# fitgrid.lm() API Tutorial

What exactly is in my_grid and how do I get it out for further analysis?

1. first show what a stastmodel ols regression fit object looks like in the first place ... the big bundle of attributes and methods. Display some examples ... param, pvalue, influence to illustrate. I think statsmodels will be unfamiliar to many people and it is important to make the point that each "fit" is a fat object and not just a table of scalars.

2. show how after fitgrid.lm() is run, the grid is a 2-D array of these fit objects ... show the shape, type, and head of the *grid*.

3. show how the fit attributes are gridded, again show the shape, type, and, head of a few attributes.
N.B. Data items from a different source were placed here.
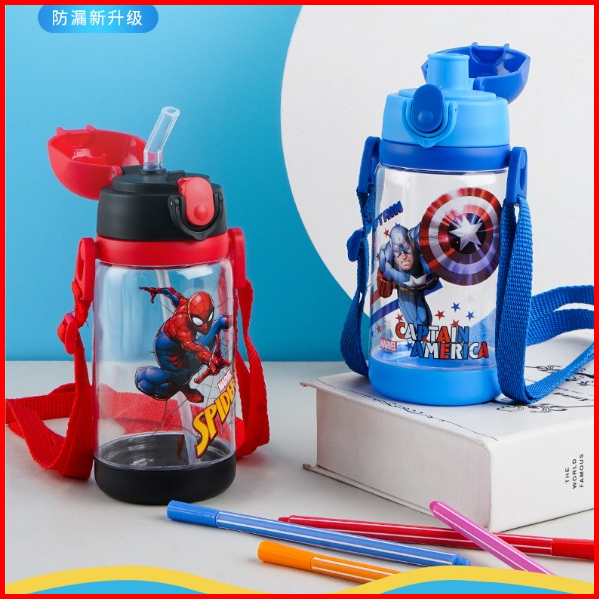 Botol Minum Anak Spiderman Captain America Bisa Teguk Dan Sedot 520ml
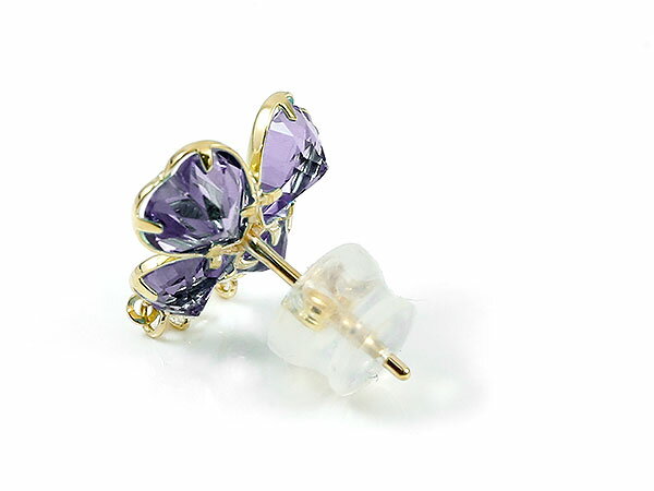 材質 イエローゴールドk18(品質を保証するk18の刻印があります) 宝石名 アメジスト 5ミリハート 2石、4ミリハート 2石 (2月の誕生石) 天然ダイヤモンド トータルで0.28ct 大きさ デザインの幅 14ミリ×11ミリ もっとステキに!!もっと贅沢に!!ジュエリーのオプションはこちら 耳元で羽ばたく可憐な蝶々
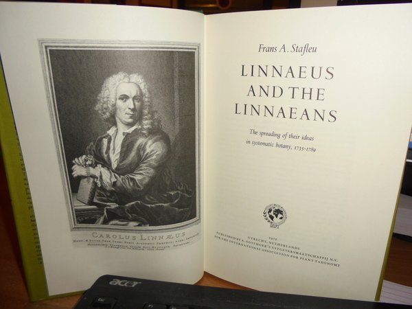 FRANS A. STAFLEU. Utrecht, Nethelands, A. Oosthoek', 1971. LINNAEUS and the LINNAEANS. The spreading of their ideas in systematic botany, 1735-1789. In-8°, tela verde con titolo in oro al dorso, sovracopertina. (xvi), 386 pp. con numerose riproduzioni ed alcune illustrazioni nel testo. Esemplare come nuovo. Uff. C - III - 6
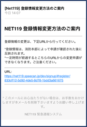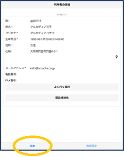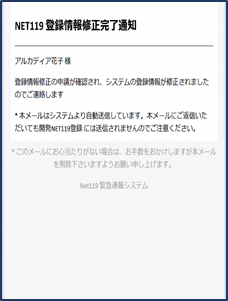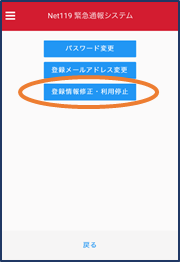 登録内容の変更の流れ ![]() (1) メニューバーから「アカウント管理」を選びます。 ![]() (2) 「登録情報修正・利用停止」を選びます。 ![]() (3) 登録してあるアドレス宛に、登録情報変更の案内メールが届きますので、メール中に記載のURLをタップします。 ![]() (4) 左下の「編集」を選びます。 ![]() (5) 追加/変更したい部分を編集し、「確認」を押します。 ![]() (6) 内容を確認し、問題がなければ「申請」を押します。 ![]() (7) 消防本部が申請を受理すると、登録情報修正完了通知がメールで届きます。 ※ 修正完了までに時間がかかる場合があります。 |
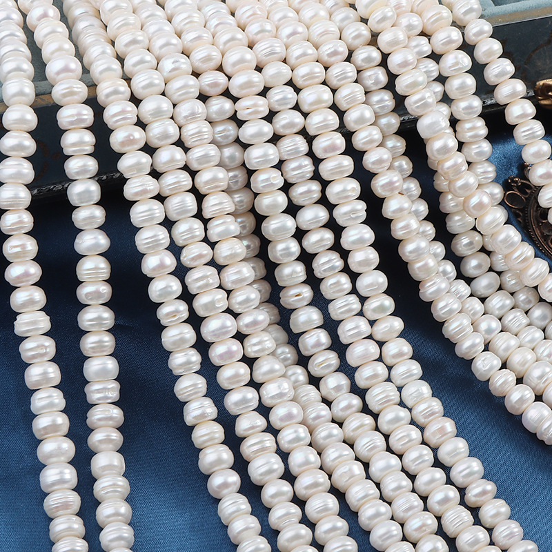 Naturel d'eau douce perles, perle d'eau douce cultivée, Rond, DIY, blanc, 4-5mm, Vendu par 38 cm brin
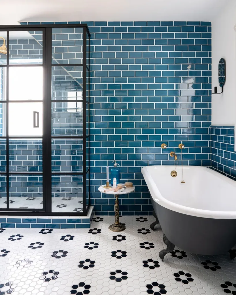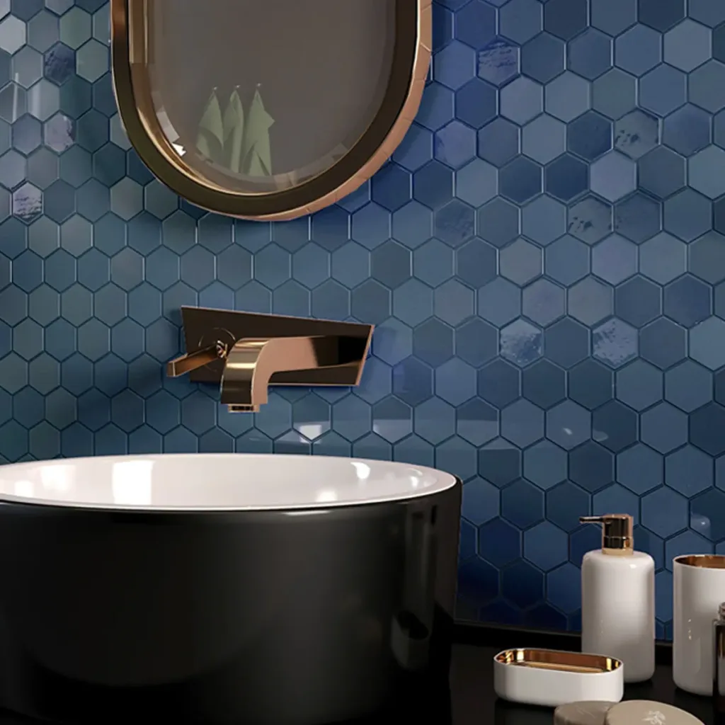 Hexagon tiles are always trendy, and in blue they become an instant eye-catcher. Use them on floors, shower walls, or even as a feature behind your sink. Larger hexagons create a modern look, while smaller ones feel playful and intricate.
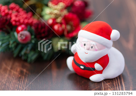 クリスマスリースとサンタクロース
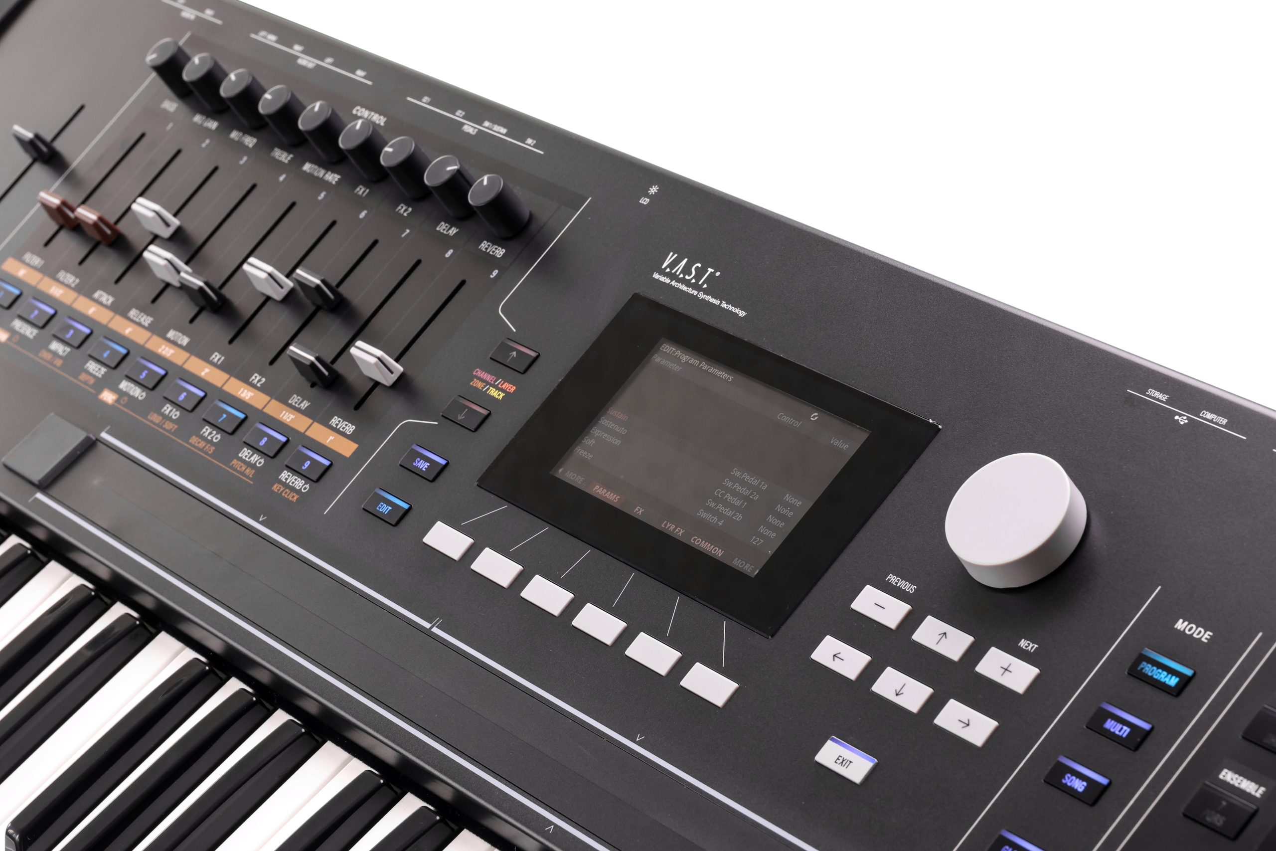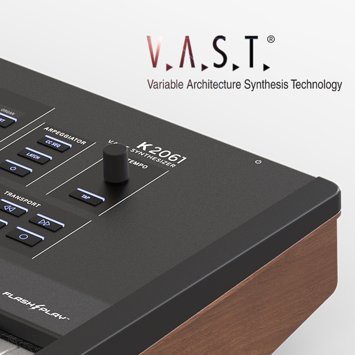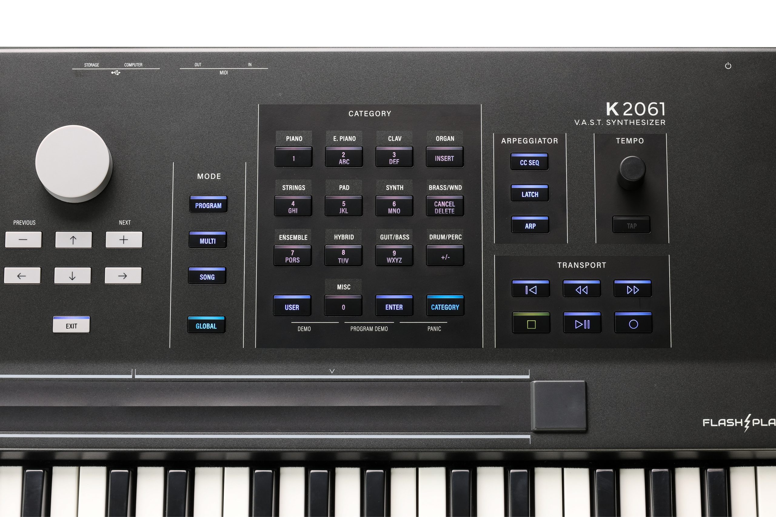 The K2061 V.A.S.T. synthesizer combines modern industrial design with a deep factory sound library of over 2000 Programs and over 500 Multi combinations organized into 113 instrument categories featuring many legacy K2 era synth-forward selections.
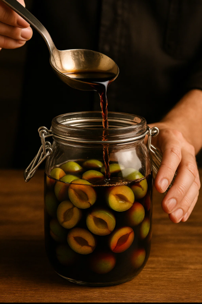 - 소독된 유리병에 매실을 담고 식힌 간장물을 부어줍니다.
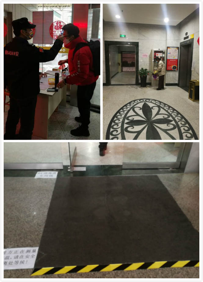 投資廣場(chǎng)的保潔們?yōu)榇髲B進(jìn)行了全面消殺工作。大家在做好全面防護(hù)后,在做完日常打掃后,用稀釋的84消毒液拖地,并將含氯消毒片按照比例調(diào)配好,拿著消殺藥水在大樓各處消毒,對(duì)重點(diǎn)部位如南門大門把手、電梯、垃圾房等重點(diǎn)不間斷消殺。他們每一寸角落都不落下,廁所、門后,消防樓梯及主樓梯等部位都進(jìn)行了一次徹底的消毒。每天兩次及時(shí)的更換電梯案按鈕面板保護(hù)膜。保安也配備了各種消殺物品,嚴(yán)格按照甲方要求的業(yè)主準(zhǔn)出入名單測(cè)量溫度。杜絕一切的意外發(fā)生。業(yè)主也對(duì)我們的工作表示肯定。
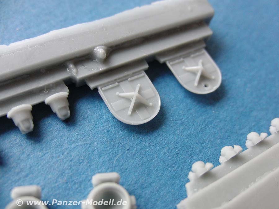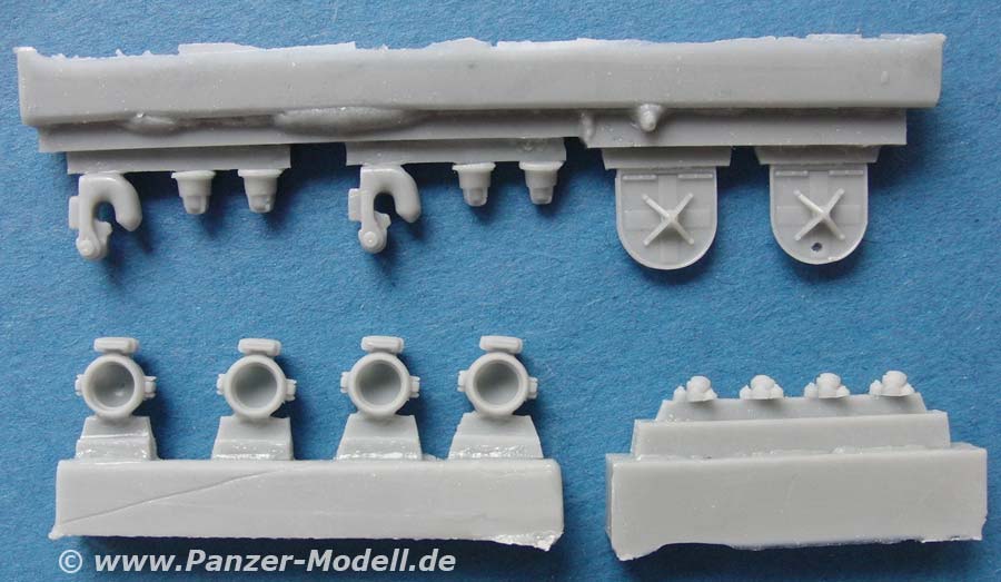 Im Set enthalten sind 16 Resingussteile, die man hauptsächlich für Leoparden aber in großen Teilen auch für die meisten anderen Bw Fahrzeuge nutzen kann.

4. show how to use the row x column slicing syntax to access regions of the array in both dimensions

5. show a few different kinds of examples to illustrate what data frames look like for grid queries that come back with a scalar (like p values) vs. those that don't like params, influence stats and such.

To understand the `fitgrid linear regression` and how to use it in analysis, the following describes a `fit` object and how `fitgrid.lm()` is structured. Examples of usage and data frame queries for statistical values of interest are also provided below. (via ``statsmodels``' ``ols``)

## 1. Fit Object

Following the initial fitgrid tutorial, here we are using the same set of data to understand a `fit` object. 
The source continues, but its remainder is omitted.